■ **Exercise aim**
Starting with the first line of the listing, quote each line exactly until and including the one with "- Toata noaptea", leaving pictures out.

■ **The data**
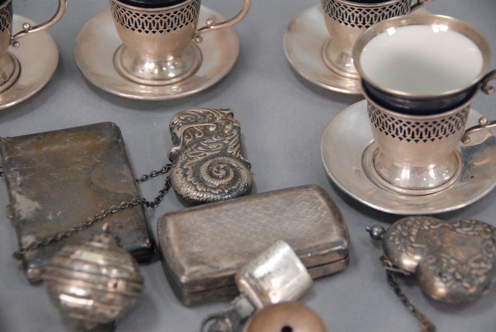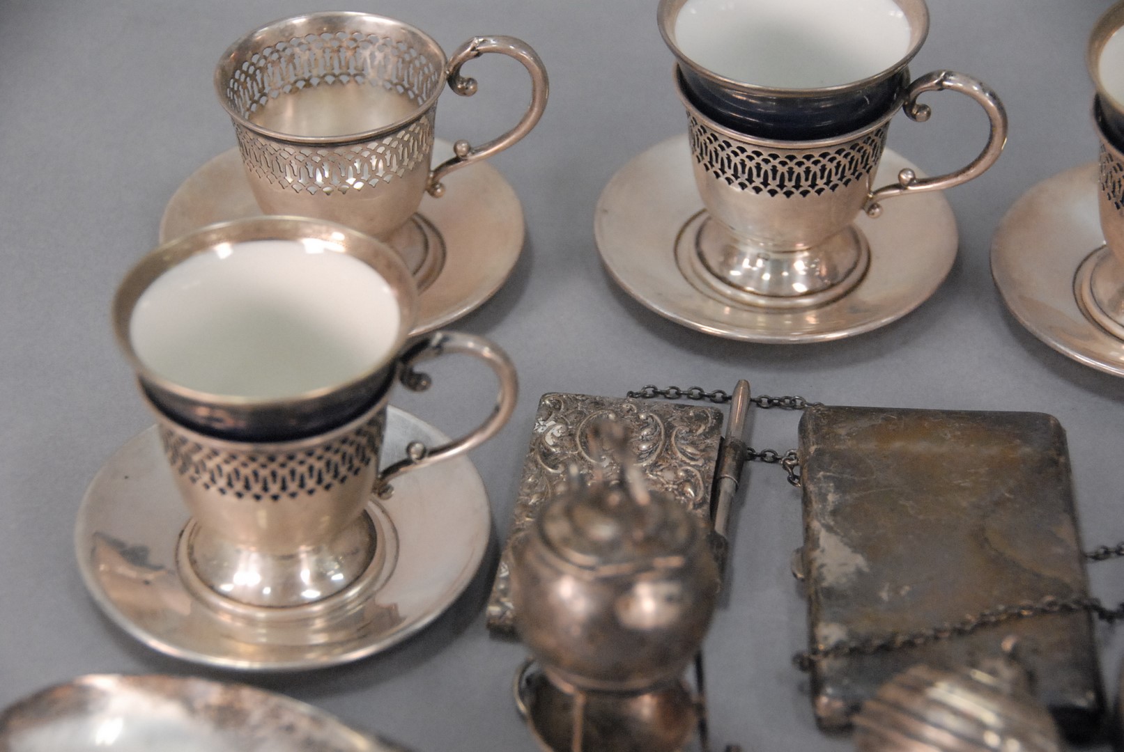 Sterling silver lot to include cups and saucers, Lenox insert missing, tea balls, boxes, shoe horn, etc.
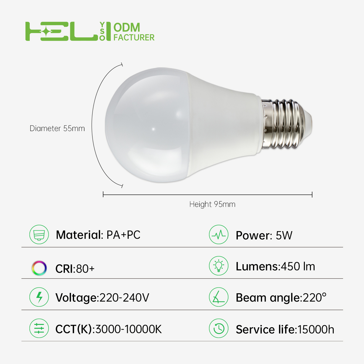 AP/ERPF/220°/230/LI-DOB/90/EMC,ROHS/0.5/塑包铝+PC罩/5/450/865/7LED/E27/HL-A55/55×95mm/F
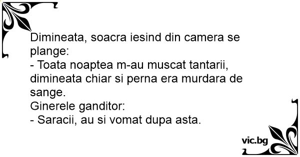 - Toata noaptea m-au muscat tantarii, dimineata chiar si perna era murdara de sange.
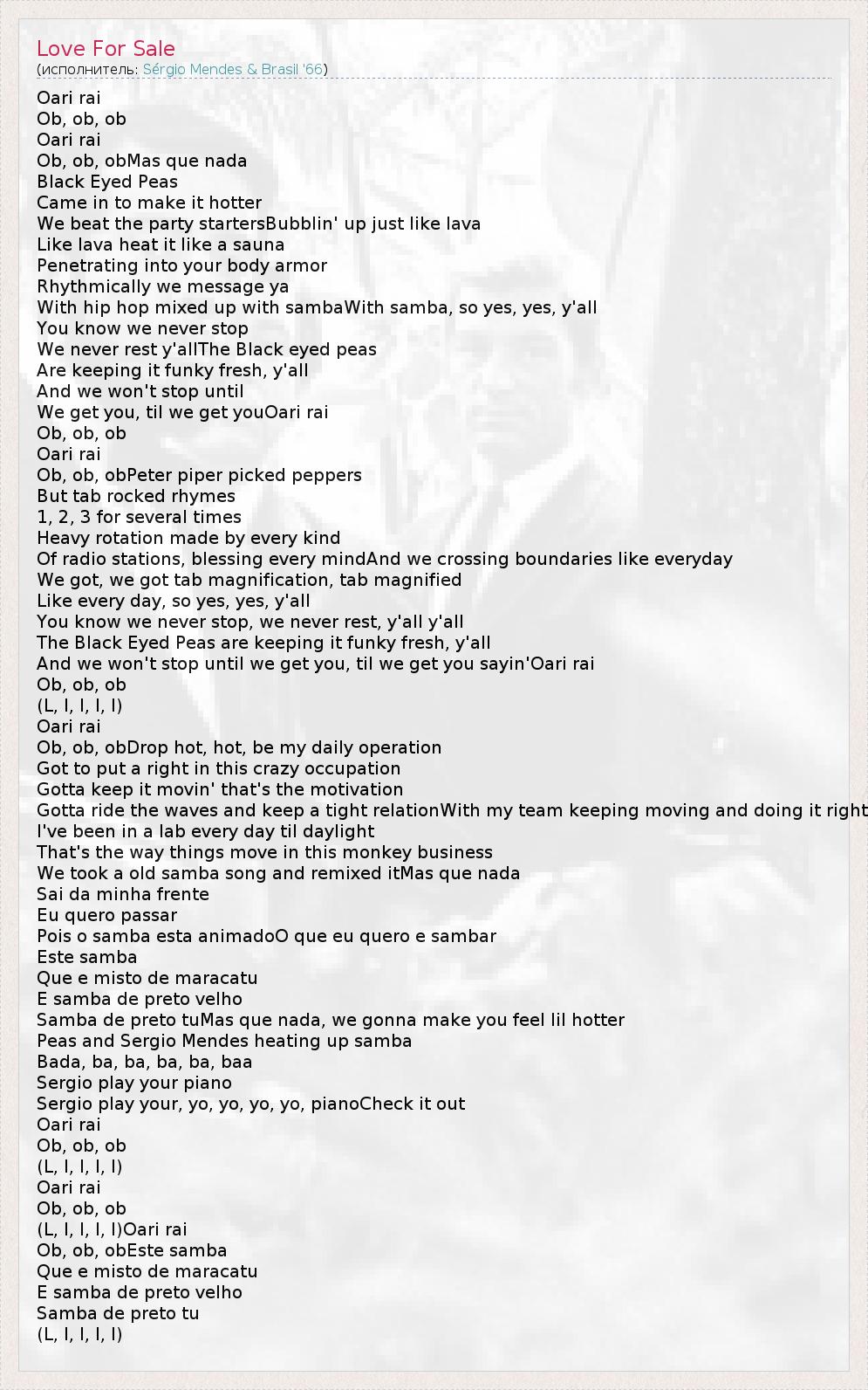 А как ты думаешь, о чем песня "Love For Sale" ?

■ **Written response**
 Sterling silver lot to include cups and saucers, Lenox insert missing, tea balls, boxes, shoe horn, etc.
 AP/ERPF/220°/230/LI-DOB/90/EMC,ROHS/0.5/塑包铝+PC罩/5/450/865/7LED/E27/HL-A55/55×95mm/F
 - Toata noaptea m-au muscat tantarii, dimineata chiar si perna era murdara de sange.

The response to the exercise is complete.